When you put together a plan with your Louisiana orthopedic specialists to tackle your knee osteoarthritis, don’t overlook the power of food. There’s no specific diet that treats your problem, but you can get some big health benefits if you eat smart. And by doing so, you’ll keep your weight under control, build strong cartilage, and reduce inflammation.
You don’t have to make a major overhaul to your diet. Follow these simple steps from your Louisiana orthopedic specialists to keep your joints happy.
1. Cut out the extra calories. Your knees will feel better if you keep your waistline trim. And when you drop those extra pounds, you’ll be putting less stress on your joints. A good way to lower your calorie count is to take and eat smaller portions, avoid sugary foods and drinks, and eat foods that are mostly plant-based.
2. Consumer more fruits and veggies. Feel free to eat plenty of these, as many of them are packed full with antioxidants, which are substances that can help protect your cells from damage. Some antioxidants, such as those found in fruits and veggies like apples, onions, shallots, and strawberries, may also help reduce joint inflammation and pain.
3. Add Omega-3 fatty acids to your diet. Omega-3s may help provide relieve from your joint pain and decrease morning stiffness.
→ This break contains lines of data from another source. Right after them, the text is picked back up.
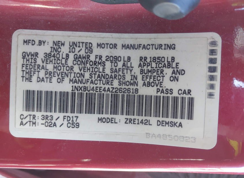 - VIN: 1NXBU4EE4AZ262618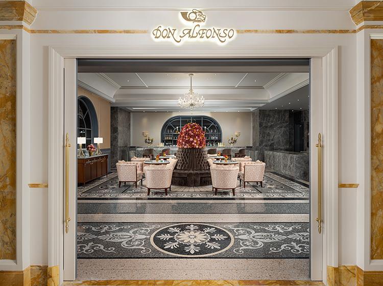 The Mesa, a modern Portuguese restaurant located within the hotel and led by the esteemed chef Jose Avillez, offers a lavish dining experience with a Great Gatsby-inspired atmosphere. The decor features stunning black and gold interiors, glistening mosaics, sleek marble, unique hanging bird cages, and intricate geometric patterns. The main attraction of the restaurant is the advanced LED ceiling that mimics a starry sky, providing a delightful experience of dining under the stars.
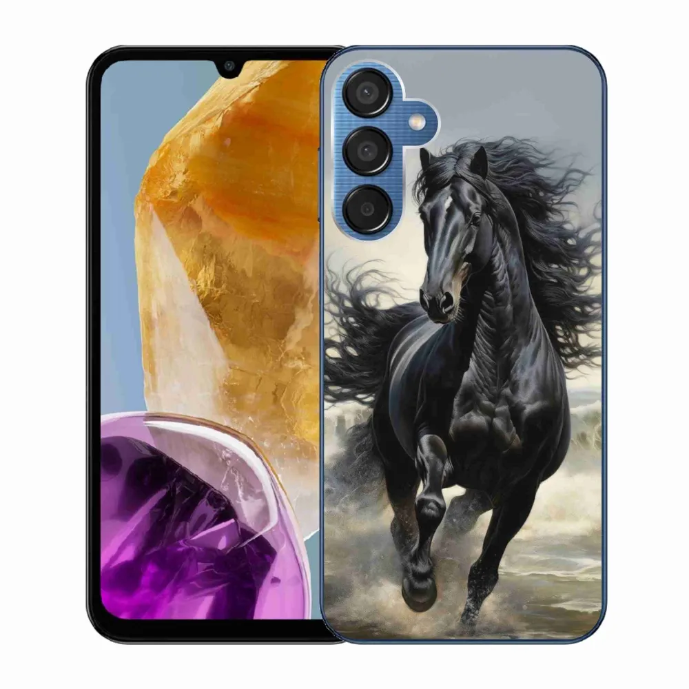 Rugalmas kesztyű tok mmCase kép Samsung Galaxy M15 5G - futó fekete ló - Samsung Galaxy M15 5G - futó fekete ló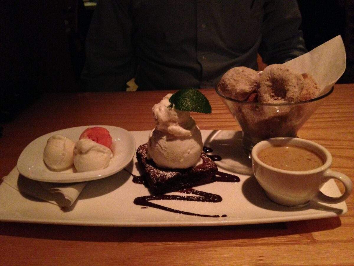 The first is in a wonderful restaurant called Matchbox (www.matchboxmerrifield.com)  here in the US and it includes three scoops of sorbet, a brownie sundae, and homemade doughnuts (as well as coffee). May I point out that, as delicious as this dessert was, it is definitely the “American” version– all three desserts were big enough to stand alone (in my opinion). Again, I’m not complaining- it was absolutely delicious, but I will say that my husband and I shared it and we STILL couldn’t finish it all.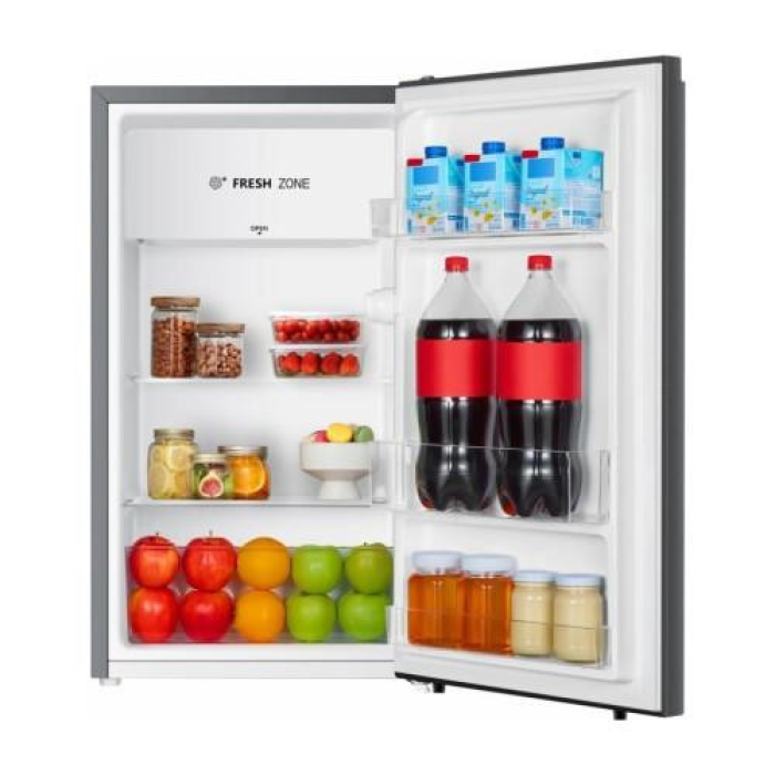 Холодильник, загальний об'єм: 94 л, клас енергоспоживання: F, механічне керування з регульованим термостатом, світлодіодне освітлення, 1 скляна полиця, відділення для фруктів та овочів, реверсивні двері, розміри (ШxГxВ): 47,5 x 44,8 x 84,2 см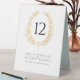 Elegant oval wreath leaf in gold effect on white with black text wedding table number. Edit this card with your own names and wedding details and table number. You must change the number to each table number that you need and add them to your cart, one at a time. Quantity discounts may apply once you add all the items to your cart. Other matching items are available. Designed by www.mylittleedenweddings.com

According to your Louisiana orthopedic surgeons, they work by reducing inflammation in your body. One easy way to add them to your diet is to eat two 3-ounce servings of fatty fish each week. Some of the best sources of omega-3s are trout, salmon, mackerel, herring, tuna, and sardines.
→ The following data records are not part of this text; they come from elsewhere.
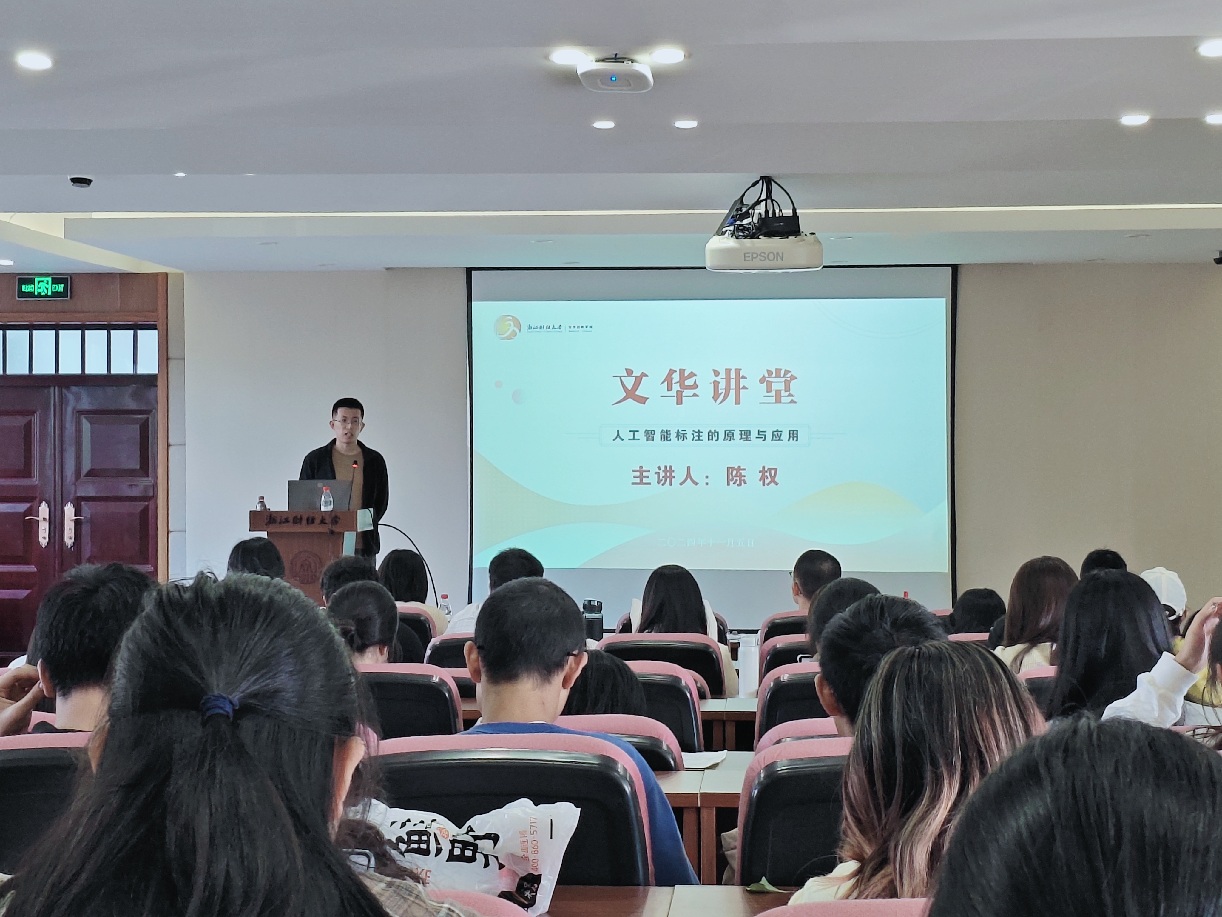 诚挚邀请了灵西机器人深度学习技术主管陈权作“人工智能标注的原理与应用”专题讲座,一百余名文华学子参加活动。讲座由国产传媒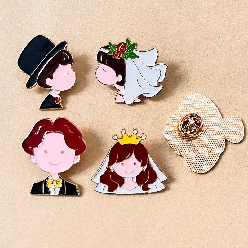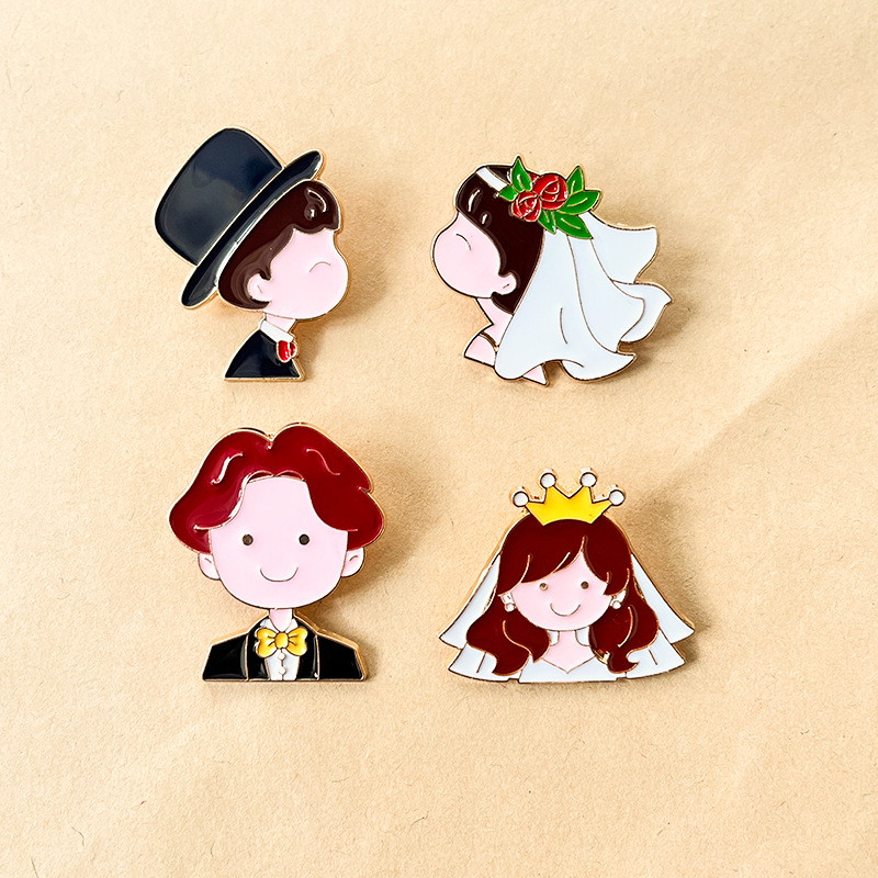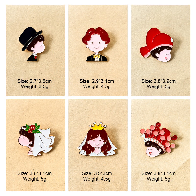 6 cute wedding-themed pins (groom suits, bride veils/crowns) — glossy enamel, delicate details. Perfect for adding romantic flair to bags/jackets; ideal for wedding favors or romantic collectible decor.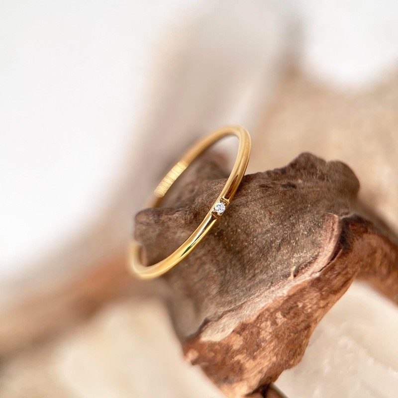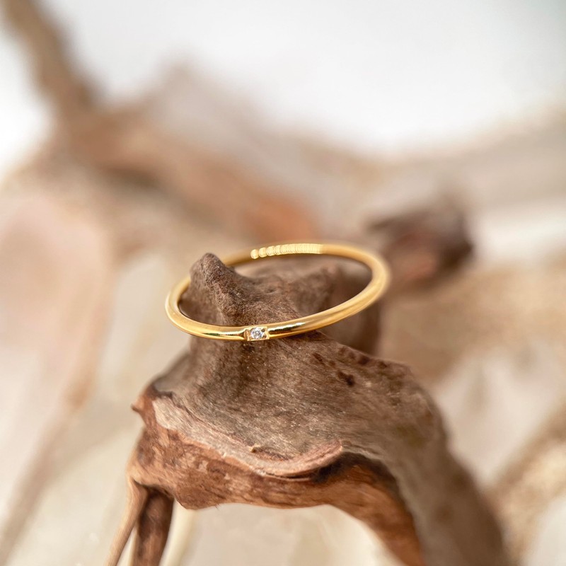 munone 1mm Skinny Thin Solitaire Flush Set Cubic Zirconia Stackable Band Ring for Women Men,14k Gold Plated Titanium Comfort Fit Band Rings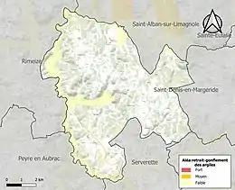 Le retrait-gonflement des sols argileux est susceptible d'engendrer des dommages importants aux bâtiments en cas d’alternance de périodes de sécheresse et de pluie. Aucune partie du territoire de la commune n'est en aléa moyen ou fort (15,8 % au niveau départemental et 48,5 % au niveau national). Sur les 196 bâtiments dénombrés sur la commune en 2019, aucun n'est en aléa moyen ou fort, à comparer aux 14 % au niveau départemental et 54 % au niveau national. Une cartographie de l'exposition du territoire national au retrait gonflement des sols argileux est disponible sur le site du BRGM[20],[Carte 2].

4. Use olive oil in place of butter and other fats. One study shows that a compound in olive oil, called oleocanthal, helps prevent inflammation by working in much the same way that NSAIDs do. Olive oils with the strongest flavor have the highest amount. Approximately 3-1/2 tablespoons of olive oil offers the same relief as 200 milligrams of ibuprofen, but keep in mind that this amount oil also adds about 400 calories. To add olive oil to your diet without extra calories, use it in place of other fats, such as butter.
5. Be sure you’re getting enough vitamin C in your diet. A key element for joint health, vitamin C helps build collagen and connective tissue. A lot of tasty foods can provide you with this nutrient. Try consuming more citrus fruits, red peppers, strawberries, broccoli, cabbage, and kale. Aim for the recommended amount of 75 milligrams a day for women or 90 milligrams a day for men.
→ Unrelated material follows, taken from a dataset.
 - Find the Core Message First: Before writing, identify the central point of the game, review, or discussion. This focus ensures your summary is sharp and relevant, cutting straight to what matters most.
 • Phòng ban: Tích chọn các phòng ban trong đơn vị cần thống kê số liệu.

6. Beware of high cooking temperatures. Meat cooked at high temperatures makes compounds that can cause inflammation in your body. They’re called advanced glycation end products (AGEs), and they’re linked to diseases such as arthritis, heart disease, and diabetes. You can decrease your levels of AGEs if you cut back on grilled, fried, broiled, and microwaved meats. It’s also helpful to limit processed foods, as they are often cooked at high temperatures.